海磊垂了頭,再喝了一口手中的開水,隻覺口中無滋無味,放下杯子,又拿手捏了捏手腕上戴着的水晶鍊子,他心裡揣揣的想,自己得留點神,這英英太能說話了,引得他說了許多,言多必失…無論如何也不能給她雲松的聯系方式…
葉曦此時也已平靜了一些,她本就不愛說話,方才他們聊天的時候,她也隻是在旁邊聽聽牆角而已,那兩人住了嘴,三人更是無話可談,大堂裡寂靜了好半天,隻聽得外面街上那賣狗皮膏藥的開着喇叭路過,喇叭裡喊道:“耗兒藥、耗兒藥,耗兒吃了跑不脫”,叽裡呱啦的鬧了好一陣子。
海磊耳聽着這些陌生的方言,頓時有些心浮氣躁起來,他心裡煩惱了好一陣子,想着:自己就這麼來到紫陽,到底是好棋還是臭棋呢?原先是覺着蘇州準是個好去處,他想要的一切蘇州都具備,雲松、道觀、茶葉産地,一條龍服務。而雲松畢竟年紀尚輕,性子又單純,他自認為很好搞定,和她周旋了許久,本以為十拿九穩的事情,怎麼會忽然起了變數?到底是哪步出了岔子?

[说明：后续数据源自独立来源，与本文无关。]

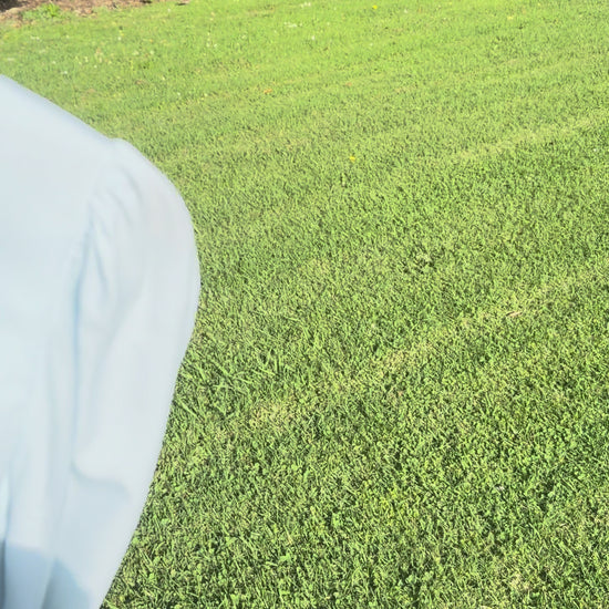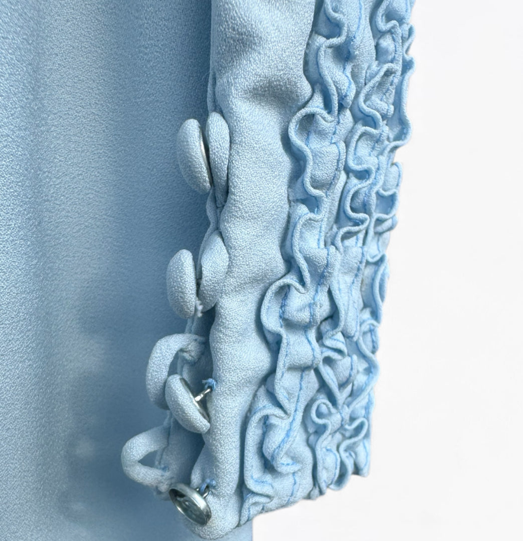 This is the most gorgeous prairie 70’s dress in the softest powder blue decorated in frills on the bodice and hem line and a generous amount in the deep cuffs .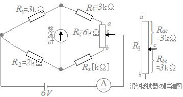 図のブリッジ回路を用いて,未知抵抗Rxを測定したい。抵抗R1=3[kΩ],R2=2[kΩ],R4=3[kΩ]とし,R3=6[kΩ]の滑り抵抗器の接触子の接点Cをちょうど中央に調整したとき(Rac=Rbc=3[kΩ])ブリッジが平衡したという。次の(a)及び(b)に答えよ。 ただし,直流電圧源は6[V]とし,電流計の内部抵抗は無視できるものとする。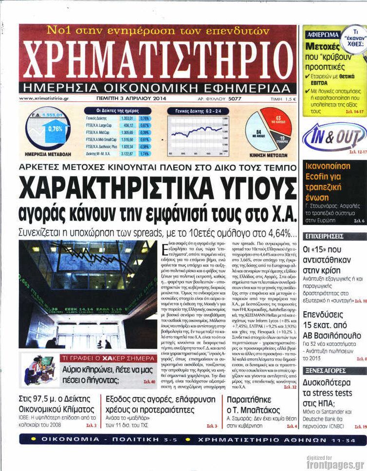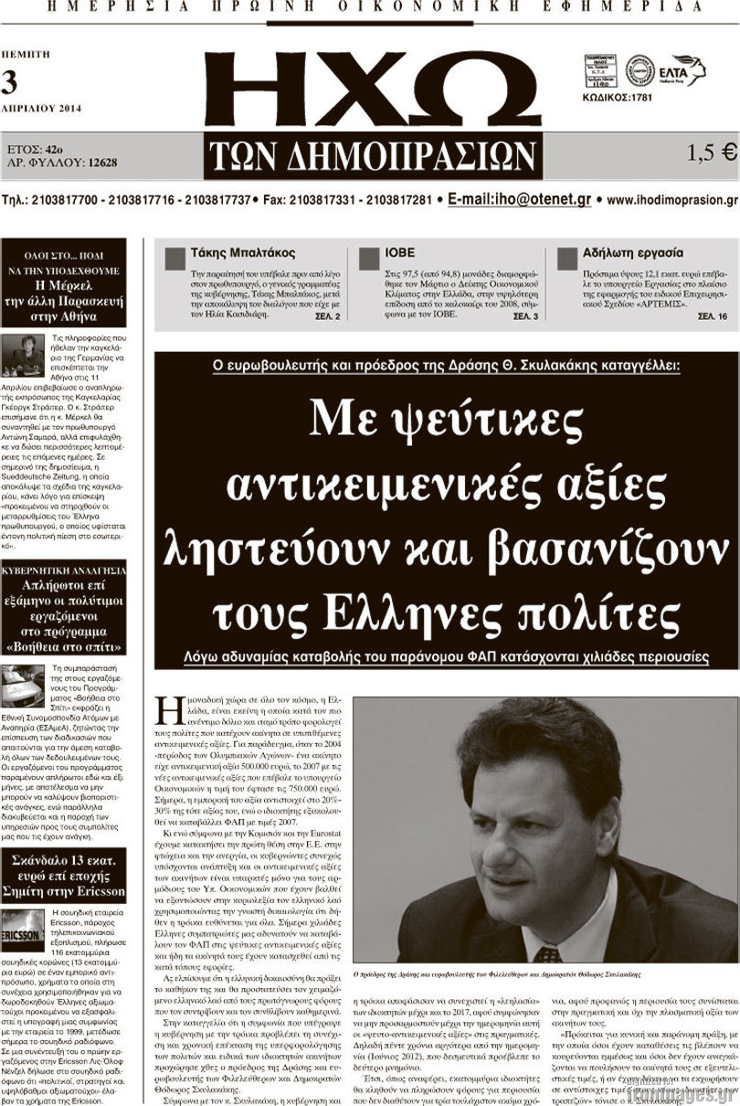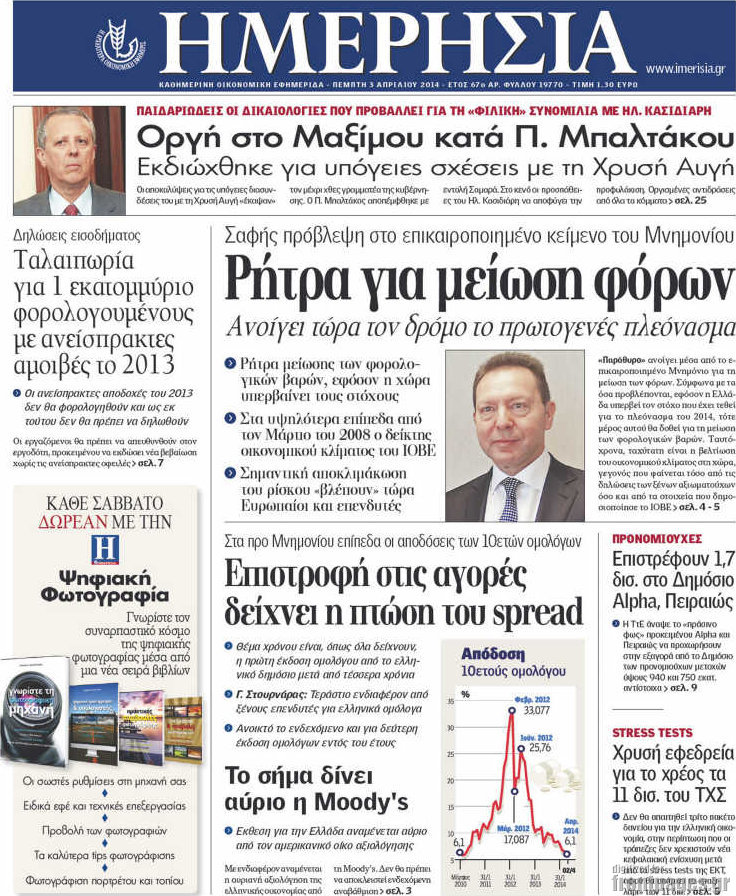 Οι oικονομικές εφημερίδες Enikos Newsroom 08:59, Πέμπτη 03 Απριλίου 2014 Media Οι oικονομικές εφημερίδες Διαβάστε τα πρωτοσέλιδα των οικονομικών εφημερίδων: ΕΦΗΜΕΡΙΔΕΣ ΟΙΚΟΝΟΜΙΚΕΣ ΕΦΗΜΕΡΙΔΕΣ ΠΡΩΤΟΣΕΛΙΔΑ Μοιράσου το: σχολίασε κι εσύ (0 σχόλια) Ακολουθήστε το enikos.gr στο Google News και μάθετε πρώτοι όλες τις ειδήσεις Δείτε όλες τις τελευταίες ειδήσεις από την Ελλάδα και τον Κόσμο στο enikos.gr Ειδήσεις Ροή Ειδήσεων 39 λεπτά πριν Νίκος Παππάς: Το παρασκήνιο της αποπομπής του – Οι μπουνιές, τα μηνύματα μετά την επίθεση και η διαγραφή από τον ΣΥΡΙΖΑ 2 ώρες πριν Φοροδιαφυγή: Ποιοι φορολογούμενοι κινδυνεύουν να πληρώσουν «τσουχτερά» πρόστιμα 1 ώρα πριν Φοινικούντα: Παραδόθηκε 30χρονος στην Καλαμάτα για τη διπλή δολοφονία 1 ώρα πριν Αγρότες: Ανυποχώρητοι στα μπλόκα – Στις Σέρρες σήμερα η κρίσιμη συνεδρίαση της Πανελλαδικής Επιτροπής 2 ώρες πριν Τα επίσημα χρονοδιαγράμματα που η Τουρκία θα παραλάβει τα Eurofighter 3 ώρες πριν Καούρα: Το μπαχαρικό που είναι «εξίσου αποτελεσματικό» με την ομεπραζόλη, σύμφωνα με ειδικούς 4 ώρες πριν Τα ζώδια σήμερα, Πέμπτη 18 Δεκεμβρίου: Λέοντες, η καρδιά σας θέλει να εκφραστεί 3 ώρες πριν Οπτική ψευδαίσθηση: Μόνο οι πιο έξυπνοι άνθρωποι θα βρουν 7 ξωτικά 15 δευτερόλεπτα 24 ώρες πριν 20 χρόνια τα Χριστούγεννα ξεκινούν στα Public με μεγάλη ποικιλία σε δώρα! 1 λεπτό πριν Η σύζυγός του παραπονιέται για τα χρήματα που της δίνει για ψώνια κάθε μήνα – «Λέει ότι νιώθει φτωχή και της είπα να βρει δουλειά» 10 λεπτά πριν Άστατος ο καιρός τα Χριστούγεννα: Βαρομετρικό χαμηλό από τον κόλπο της Σύρτης «ξεκλειδώνει» κακοκαιρίες – Πώς θα εξελιχθεί έως την Πρωτοχρονιά 14 λεπτά πριν Γρίπη: Η υπουργός Υγείας της Γαλλίας καλεί τους πολίτες να ξαναφορέσουν τις μάσκες τους 22 λεπτά πριν Μαρία Αλιφέρη: «Καλή σου ξεκούραση ακριβέ μου φίλε και αδελφέ» – Η συγκινητική ανάρτηση για τον Αλμπέρτο Εσκενάζυ 26 λεπτά πριν Οφειλές προς το Δημόσιο: Τι απαντά το υπουργείο στα σενάρια για νέα ρύθμιση ENIKOS NETWORK 5 ασκήσεις που εξαφανίζουν το «σωσίβιο» πιο γρήγορα από τους κοιλιακούς μετά τα 50 «Έκανα χρόνια μανικιούρ με τζελ μέχρι που κινδύνευσαν να πέσουν» – Πώς ήταν το σημάδι στο νύχι που την προειδοποίησε Οφειλές προς το Δημόσιο: «Φρένο» στα σενάρια για νέα ρύθμιση – Τι απαντά το υπουργείο Εθνικής Οικονομίας και Οικονομικών Φοροδιαφυγή: Ποιοι φορολογούμενοι κινδυνεύουν να πληρώσουν «τσουχτερά» πρόστιμα Χαρτογραφώντας το «σημείο χωρίς επιστροφή»: Για πρώτη φορά αποκαλύπτεται με λεπτομέρεια το ακανθώδες όριο της ατμόσφαιρας τ... Η Google καταργεί τη λειτουργία «dark web report» – Πώς θα μπορούν οι χρήστες να διαγράφουν τα δεδομένα τους περισσότερα 08:00 , Πέμπτη 18 Δεκεμβρίου 2025 Την Κυριακή με τη Realnews: Δωροεπιταγή 10€ Δωροεπιταγή αξίας 10€ για αγορές άνω των 60€ από τα πολυκαταστήματα FactoryOutlet H προσφορά ι... 07:50 , Πέμπτη 18 Δεκεμβρίου 2025 «Το σόι σου»: Backstage στα γυρίσματα για το εορταστικό επεισόδιο «Το σόι σου» φορά τα γιορτινά του για τα Χριστούγεννα και η Όλγα Λαφαζάνη, με την κάμερα του «... 07:36 , Πέμπτη 18 Δεκεμβρίου 2025 Οι αθλητικές μεταδόσεις 18/12/2025 – Πού θα δείτε τον αγώνα της ΑΕΚ με την Κραϊόβα για το Conference League Τα ματς ΑΕΚ – Ουνιβερσιτάτεα Κραϊόβα για το Conference League και Παναθηναϊκός – Χάποελ Τελ Αβ... 05:48 , Πέμπτη 18 Δεκεμβρίου 2025 Οι οικονομικές εφημερίδες 18/12/2025 Διαβάστε τα πρωτοσέλιδα από τις οικονομικές εφημερίδες, σήμερα 18/12/2025. ΤΕΛΕΥΤΑΙΕΣ ΕΙΔΗΣΕΙΣ 10 λεπτά πριν Άστατος ο καιρός τα Χριστούγεννα: Βαρομετρικό χα

他從蘇州出來的時候,走得匆忙,沒來得及仔細的分析,現下坐在這個意料之外的地方,整個人竟是恐慌起來,無數個念頭在他肚皮裡的腸子裡打了很多轉,他這樣的不安,又想起身站起來走走,又怕露了痕迹,萬萬不得已,他隻得硬着身子,僵坐在椅子上。
約莫過了一個來小時,朱紅衣手裡甩着鑰匙串從榕樹的影子下走了出來,她口中喊着:“葉曦”,腳下輕快的踏進了門。
海磊時常盤算着朱紅衣,可這一見面,他倒先低了頭,英英瞟見他那皺巴巴的臉上居然還有一絲腼腆的笑意。而朱紅衣則顯得大方很多,她見到坐着的海磊,微微笑了笑,點點頭,然後面朝着葉曦說道:“我家衛國興在學校裡,被老師誇獎了,老師說衛國興數學挺好的…”,她說着拿出手機,翻出武校的家長群,然後點開一張照片來。
隻見那張照片裡,講台上站着幾個高矮不一的少年,其中就有衛國興,他雖然依舊緊皺着眉毛,但他手中展開了一張寫着“數學考試第二名”的獎狀。
朱紅衣特意再拿給英英看了一遍,臉上透出少見的微笑,她本就不難看,這一笑便露了一排大白牙,更加顯示出她那種獨特的淳樸和健美。
海磊擡頭的時候,恰巧看見了這一幕,心頓時碰碰的一陣亂跳,臉上一股熱氣,望着朱紅衣發呆。
朱紅衣将手機插進了布口袋裡,又垂了頭,僅擡了一雙水靈靈的大眼睛,拿牙齒咬着嘴唇,看着英英說道:“謝謝你們…我兒子他…”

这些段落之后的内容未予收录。